Did you just sneeze?
Oh. Well, what am I supposed to say? "Bless you"?
That's downright absurd. I sit writing this in the year 2007 and I am fairly certain that your soul is not trying to escape your body. In fact, I don't even believe in god.
Regardless, I don't see how my blessing offered unto you is going to help with your hay-fever.
I sit in an office for a good nine hours every day, and we have an open floor plan. That's right, no cubicles, no privacy whatsoever. It's inevitable that in any of my nine hour sittings, I'll hear no less than ten sneezes.
Of course, no one in my office is rude, so I also hear "bless you" no less than thirty times. Yes, thirty. In my estimation, every sneeze finds about three people kind enough to bless it. Approximately.
Is it any wonder to you that I became a bit wary of the phrase "bless you"?
Try this little exercise: Say the word "article" to yourself over and over again. The word will lose all meaning. I found that my brain ends up dividing it into the phrase "ar tickle", which obviously makes no sense at all.
So it is with the words "bless you". They lost all meaning and began seeming senseless to me. I began to wonder how so many people could utter such gibberish thirty times a day.
Long ago, I decided that I am not a religious person. I'm a scientific person. I don't believe the two have to be mutually exclusive, mind you! I know "honest-to-god" scientists that believe in a higher power. I, however, believe that a scientific analysis of the world is our best shot at figuring it out. I believe that when you die you simply cease to think. I believe that consciousness is just some gnarly computation going on in our brain (to paraphrase Rudy Rucker).

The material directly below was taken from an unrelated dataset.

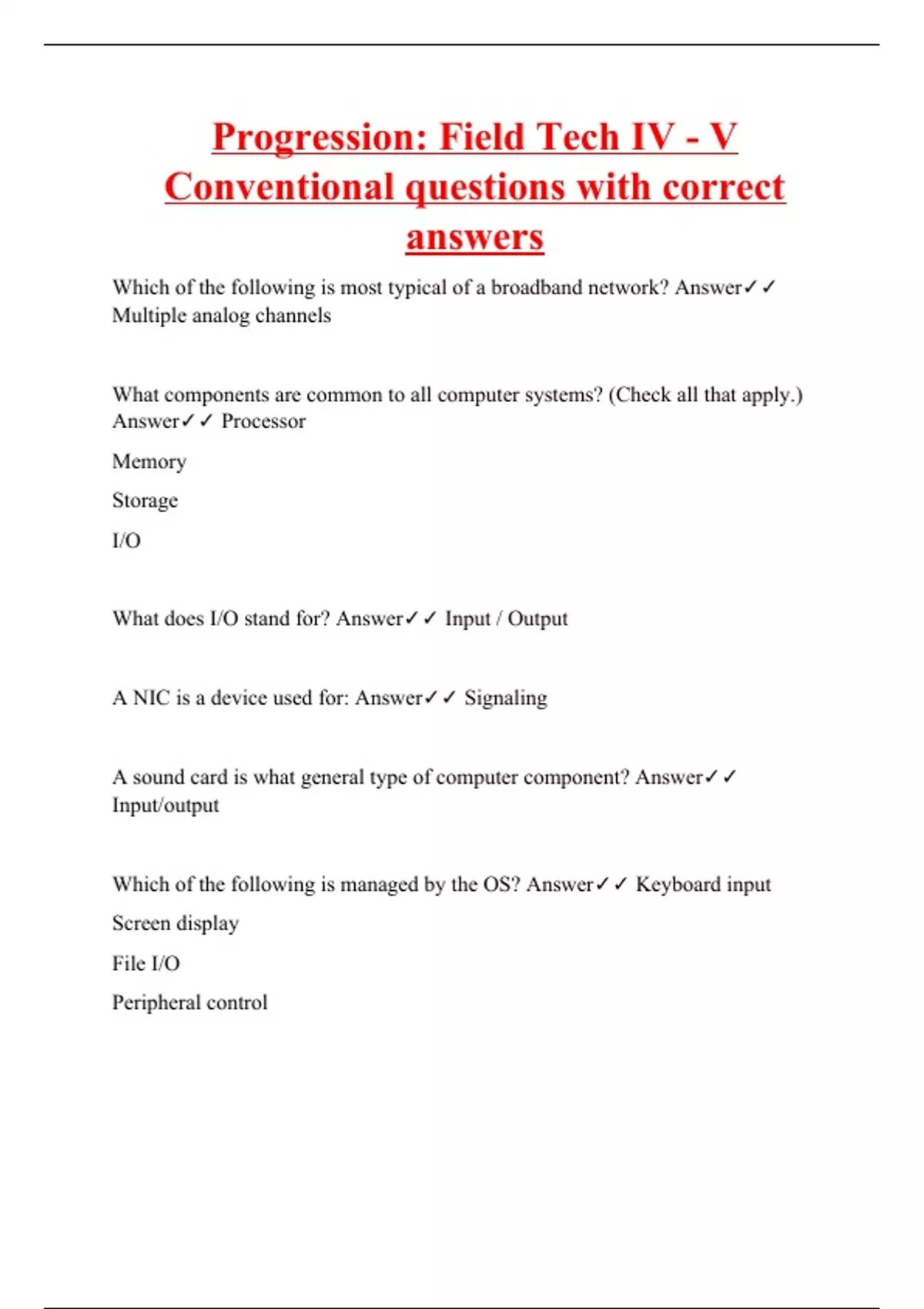 Which of the following is most typical of a broadband network? Answer Multiple analog channels What components are common to all computer systems? (Check all that apply.) Answer Processor Memory Storage I/O What does I/O stand for? Answer Input / Output A NIC is a device used for: Answer Signaling A sound card is what general type of computer component? Answer Input/output Which of the following is managed by the OS? Answer Keyboard input Screen display File I/O Peripheral control The primary purpose of a device driver

Maybe it's just that I'm extremist, and so saying "bless you" to me after I sneeze is as absurd as saying, oh, "leather belt". It has no contextual meaning at all anymore. (In fact, why say anything at all? Just let me sneeze and get on with my life!)
But even if you believe in a higher power, I pose the following question to you: What do you think has a fairer chance of remedying your friend's allergies? Your blessing, or the inventions of modern medicine (born of scientific methods, of course)?
I think the answer is obvious; you may disagree.
In the past month, I have not uttered the words "bless you". When someone sneezes, I instead say, "science". Why? It's shorthand for the phrase "science cure you".